Re: [xmca] a minus times a plus

[Wolff-Michael Roth <mroth@uvic.ca>]

Can't you think like this---perhaps it is too much of a physicist's  
thinking. We can think of the following general function (operator in  
physics) that produces an image y of x operated upon by A.
y = Ax

if x is from the domain of positive integers, then A = -1 would  
produce an image that is opposite to the one when A = +1, the  
identity operation.

Conceptually you would then not think in terms of a positive times a  
negative number, but in terms of a positive number that is projected  
opposite of the origin on a number line, and, if the number is  
unequal to 1, like -2, then it is also stretched.

The - would then not be interpreted in the same way as the +

Cheers,
Michael




On 27-Apr-09, at 4:16 PM, Ed Wall wrote:

Mike

     It is simply (of course, it isn't simple by the way) because,  
the negative integers (and, if you wish, zero) were added to the  
natural numbers in a way that preserves (in a sense) their (the  
natural numbers) usual arithmetical regularities. It would be  
unfortunate if something that was true in the natural numbers was no  
longer true in the integers, which is a extension that includes  
them.  Perhaps the easiest way to the negative x positive business is  
as follows (and, of course, this can be made opaquely precise - smile):

3 x 1 = 3
2 x 1 = 2
1 x 1 = 1
0 x 1 = 0

so what, given regularity in the naturals + zero) do you think  
happens next? This thinking works for, of course, for negative times  
negative. The opaque proof is more or less as follows.

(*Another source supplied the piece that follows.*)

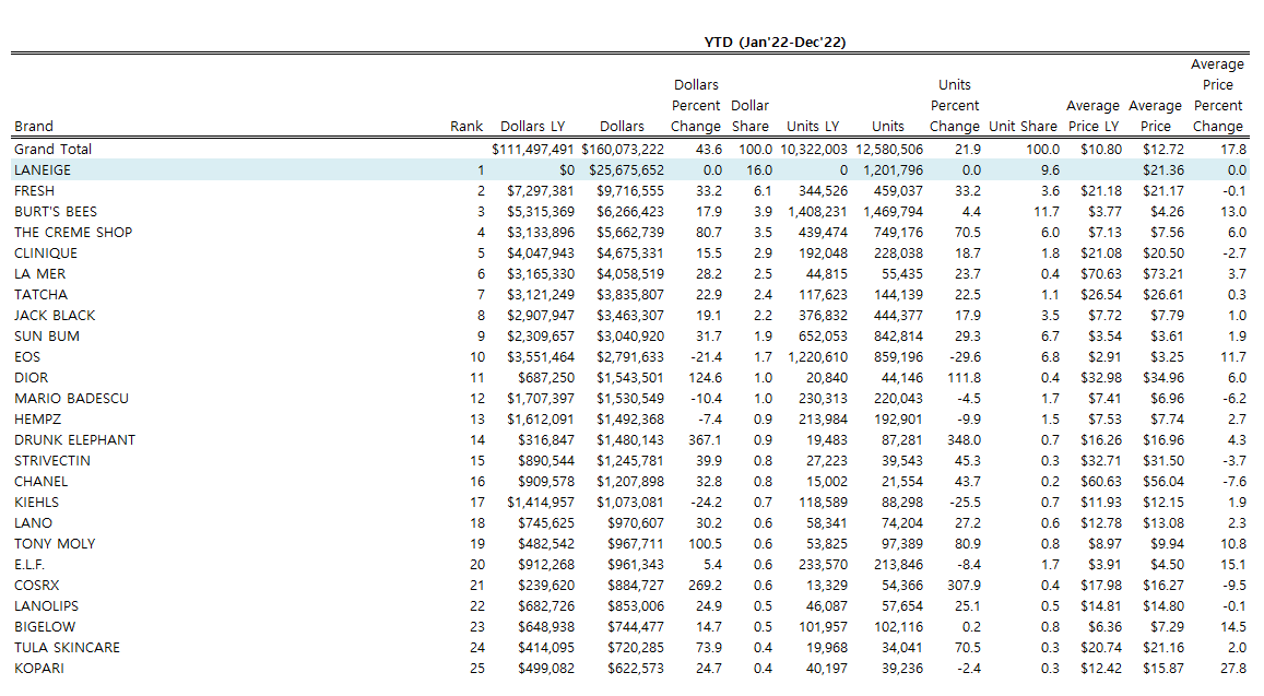 NPD '22년 4분기 미국 뷰티 시장 Raw Data

Negative numbers are solutions to natural number equations of the  
form (I'm simplifying all this a little)

                      x + a = 0    ('a' a natural number)

and likewise positive numbers  are solutions to natural number  
equations of the form

                     y = b          ('b' a natural number)


Multiplying these two equations in the usual fashion within the  
natural numbers gives


             xy + ay = 0

or substituting for y


       xy + ab = 0

so, by definition, xy is a negative number.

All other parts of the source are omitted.